Thursday, May 1, 2008

Discovering a Sense of Dignity - Part 2 of 2

This is the final review from the book Walking in this World, by Julia Cameron.

Age and Time

Like Miles Davis once said, “Do not fear mistakes. There are none.” This is something I need to engrave in my head. I fear mistakes all the time and it stifles my family life and my creative life. I just need to leap, and the net will appear.

Julia Cameron states in her book, “Yes, youth passes behind us, but we are blind so often to what we are gaining and to the beauty of what we become as artists. We gain in beauty. We gain in tenderness. We gain in our creative selves.

Anyone who is learning will feel this treacherous mix of vulnerability and frustration, of hope and discouragement. There is an exciting element of self-respect: You are trying.

Practice will make if not ‘perfect,’ then ‘better.’

Clearly, it is mind and muscle and heart that must be trained. All of them must learn patience, the virtue I hate, and repetition, the idea God had the sense to use daily.”

It is the soul’s duty to be loyal to its own desires. It must abandon itself to its master passion. ~ Dame Rebecca West

Service

“The dedication of our work to a higher cause than our won self-promotion frees the work from preciousness. It becomes not about how good we are but about how good we can be in selfless service to something larger than ourselves.

Asking to be of service, and to be open to the proper inspiration to serve through our work, we then become teachable, and when we are teachable, our work always improves.

When our work is made only in the service of our hope for fame or recognition, it is hampered by our self-consciousness as we wonder, How am I doing? When we are able to work without such self-consciousness, we are able to work more freely and more fully. Our ego steps aside and is no longer a constrictive valve narrowing our creative flow and focus. We think less about ‘us’ and more about ‘it,’ the work itself.”

Love is the spirit that motivates the artist’s journey…it’s a powerful motive in the artist’s life. ~ Eric Maisel

“Our ‘best’ to others may internally feel our worst. Our perceptions must not be allowed to capsize our professionalism.

In a sense, the reception of our work by ourselves as well as others is none of our business. Our job is to do it. We work, and the work works through us.

No matter how accomplished and acclaimed we may become as artists, there is always, at core, this essential anonymity: We are in service of something larger than ourselves.

One music teacher decided to set aside all ego and snobbery, set aside how music ‘should’ be taught, and teach from a spirit of love and service. Is it any wonder that his students develop a love of music that serves them well?

Contemplating a piece of work, we do better to think Whom is this work for? Whom will it serve? rather than How will it serve me?

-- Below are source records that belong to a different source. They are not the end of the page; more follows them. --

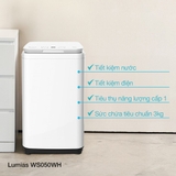 Với công nghệ giặt tiên tiến, Lumias WS050WH có sức chứa 3.0kg, đạt tiêu chuẩn tiết kiệm điện cấp 1 và tiết kiệm nước hiệu quả, giúp giảm chi phí sinh hoạt cho gia đình bạn và góp phần bảo vệ tài nguyên, môi trường.
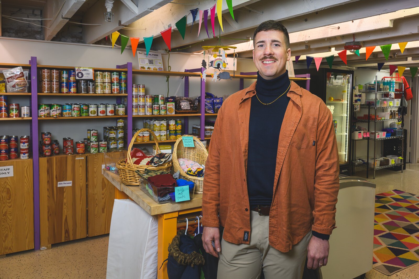 Executive Director Alex Plum at Corner Health Center’s clothing closet and food pantry.
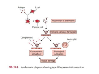 Hypersensitivity refers to undesirable immune reactions, including allergies and autoimmunity. There are four main types of hypersensitivity reactions. Type I reactions are immediate and involve IgE antibodies binding to mast cells. Type II reactions are cytotoxic and involve IgG or IgM binding to cells and tissues. Type III reactions involve immune complex deposition in tissues, activating complement and attracting neutrophils. Type IV reactions are delayed, involving sensitized T cells responding 24+ hours after antigen exposure.
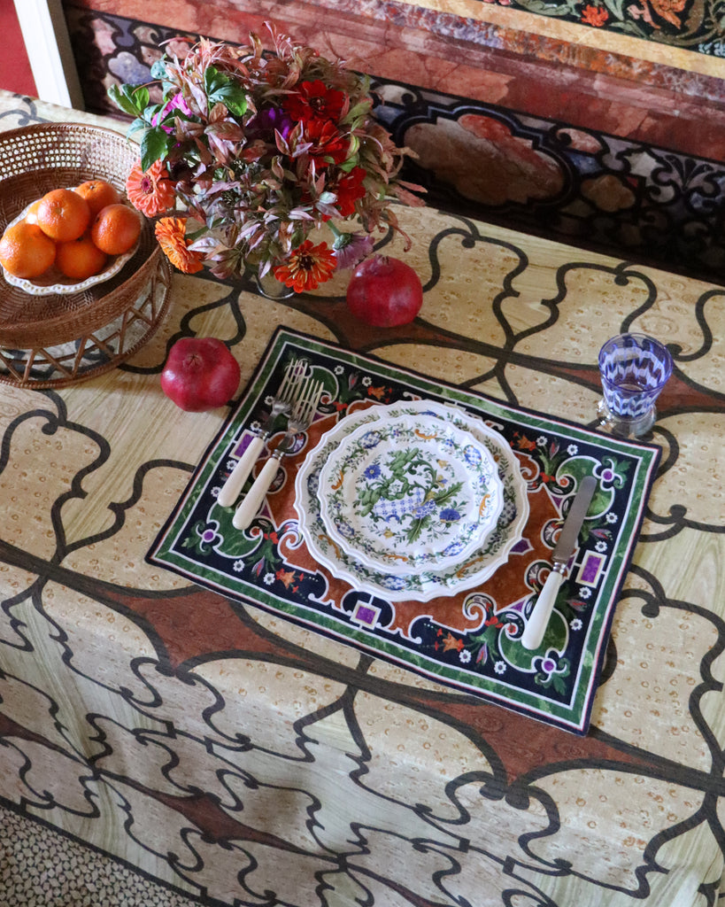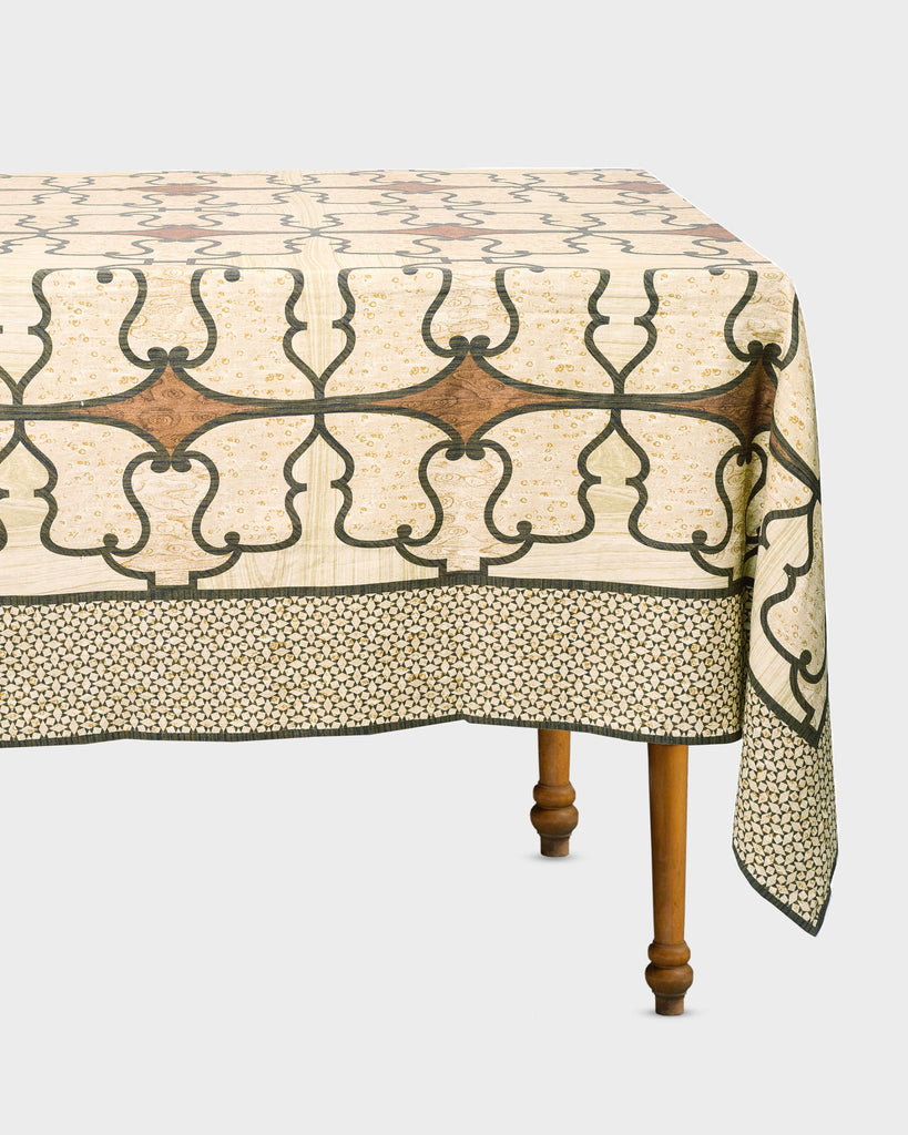 The Urbino Tablecloth features a bold ornamental design printed on 100% linen in trompe l’oeil effects imitating wood veneers, offered in two colors, “brun” and “blonde." Its rich pattern will add depth and originality to your autumn and winter table settings.
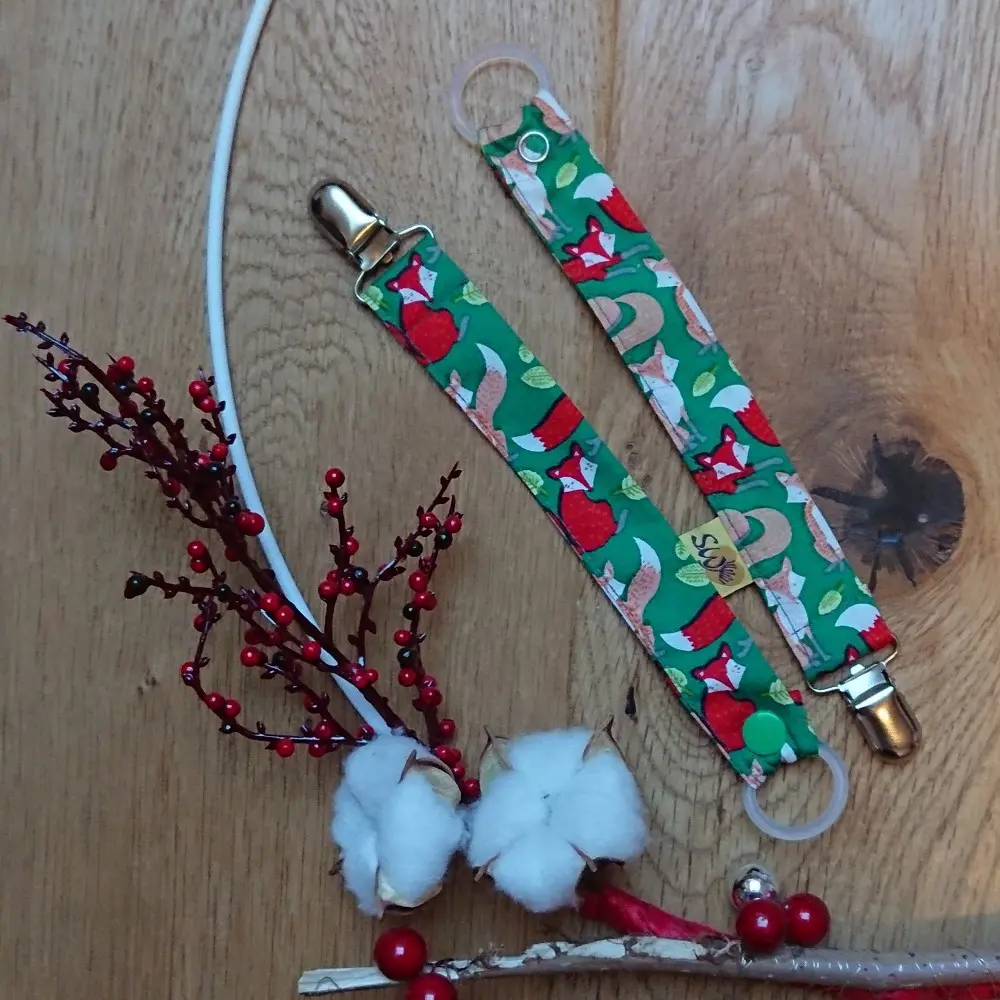 Das Schnullerband hat einen Metall-Clip und einen Silikon-Ring-Adapter. Der Schnuller kann auch direkt am Band mit einem Druckknopf befestigt werden – passend für alle Schnuller-Typen!
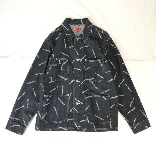 Supreme シュプリーム 2017 春夏 17SS Denim Logo Chore Coat デニム ロゴ チョアコート デニムカバーオール ジャケット ブラックデニム BLACK 黒 ロゴ アウター 羽織 長袖 L 定/30240 メンズ 男性 MENS 紳士 貝塚店 ITV1GWLWKMPI 【中古】 RKR2214G
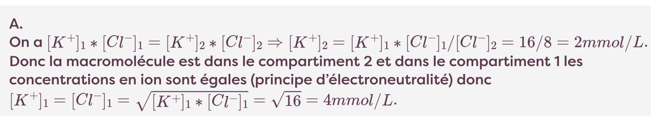 sarahdvt Posted September 27 Posted September 27 Bonsoir, c’est par rapport à la correction de ce QCM : Je n’arrive pas à comprendre pourquoi la macromolécule se trouve dans le compartiment n°1 après avoir appliqué le principe de neutralité. Merci beaucoup :) bon week-end QCM 1 - Un récipient est séparé en deux compartiments 1 et 2 par une membrane dialysante. Chaque compartiment contient une solution de KCl (chlorure de potassium). Dans l’un des compartiments se trouve aussi une macromolécule ionisée et non diffusible. On précise que la valence de la macromolécule est de 6 et que l’électrolyte associé à la macromolécule est un des ions déjà présents dans la solution. À l’équilibre, on a : et : A. La concentration en K+ dans le compartiment 1 est de 8 mmol/L. Quote

Art moves through us. It is colored by our individuality, but we are not precisely its origin. There is a divine spark animating each of us, and that divine spark also animated our art. When we ask to be of service in our art, we fling open a window in our creative studio. Through that opening, the greater world of inspiration can enter us.”

The gift turned inward, unable to be given, becomes a heavy burden, even sometimes a kind of poison. It is as though the flow of life were backed up. ~ May Sarton

“We are all part of a larger whole and, in acknowledging that truthfully, we move a notch closer to humility, to a simple and sheer plainness that allows the beauty of the grand design to be seen through us.”

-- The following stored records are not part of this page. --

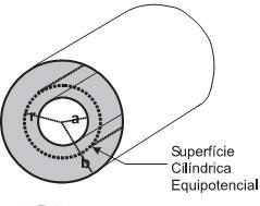 , e as superfícies condutoras dos cilindros têm espessuras desprezíveis. Considere que a superfície interna está no potencial elétrico de +50 V e a externa no potencial de 0 V.Com base nos dados fornecidos, qual a expressão do raio r de uma superfície equipotencial, cilíndrica, no interior do dielétrico, que está com potencial de +10 V?
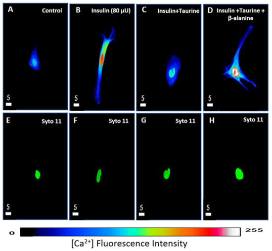 Examples of quantitative 3-D confocal images (top view) showing the distribution and fluorescence intensity of intracellular calcium levels in cardiomyocytes in the absence of treatment (A), in the presence of insulin (80 μU/mL) (B), in the presence of insulin (80 μU/mL) + taurine (20 mM) (C), and in the presence of insulin (80 μU/mL) + taurine (20 mM) + β-alanine (500 μM) (D). (E–H) represent the Syto-11-labeled nuclei of the cells in (A–D). The pseudo-color bar represents Ca2+ fluorescence intensity ranging from 0 (absence of fluorescence) to 255 (maximum fluorescence). The white scale bar is in μM.
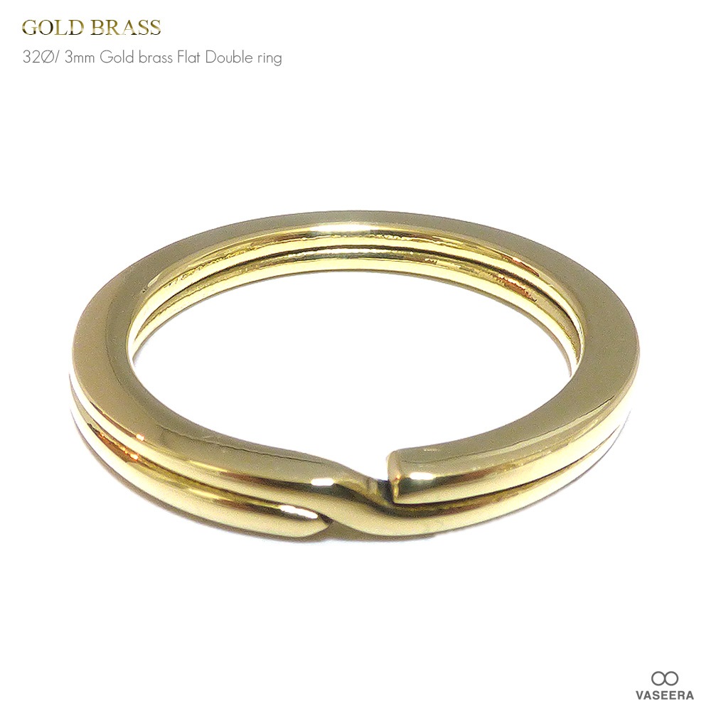 ゴールドブラス(真鍮) 鏡面仕上げ 32mm フラット/平型二重カン パーツ /ダブルリング/二重キーリング 【キーホルダー/パー...
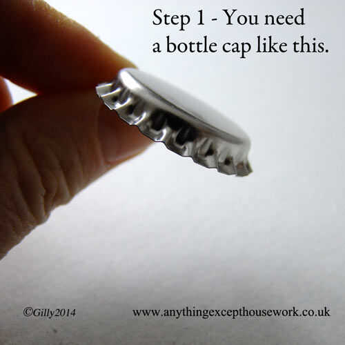 un sencillo tutorial sobre cómo hacer una tapa de la botella en un pinPaso 1: materiales Se necesita:1. una tapa de la botella2. una ficha de refresco3. un pequeño pasador de seguridad4. pinzas (no se muestra)Paso 2: Poner el safetypin a través de la

Only the heart knows how to find what is precious. ~ Fyodor Dostoyevsky

In closing, Julia Cameron reminds us, “Art is a spiritual practice. We may not, and need not, do it perfectly. But we need to do it.”

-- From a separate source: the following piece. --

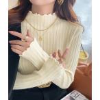 ニット セーター 「26SS新色追加」もちもちタッチ シアーフリルハイネックリブニット レディース

As I began writing the review of Walking in this World, I did it for myself so I would remember what the book said. As I end this review, it has become a service to my readers. I would read for them and then write for them. Oh, I still wrote for myself as well, because I have so much to learn. One thing I have learned to do through this journey is to be more myself and not always try to live life as it “should” be or how others want me to live life. I have gotten to the drawing board more instead of thinking other things needed to be done first. That’s a hard habit to break but one I’m slowly striving to conquer through baby steps. I hope you were able to make some changes in your own life while reading these reviews.

1 comment:

missysue said...

Oh, boy....how your posts hit home!!! Thanks for visiting me at my new blog! I'm going through some major changes!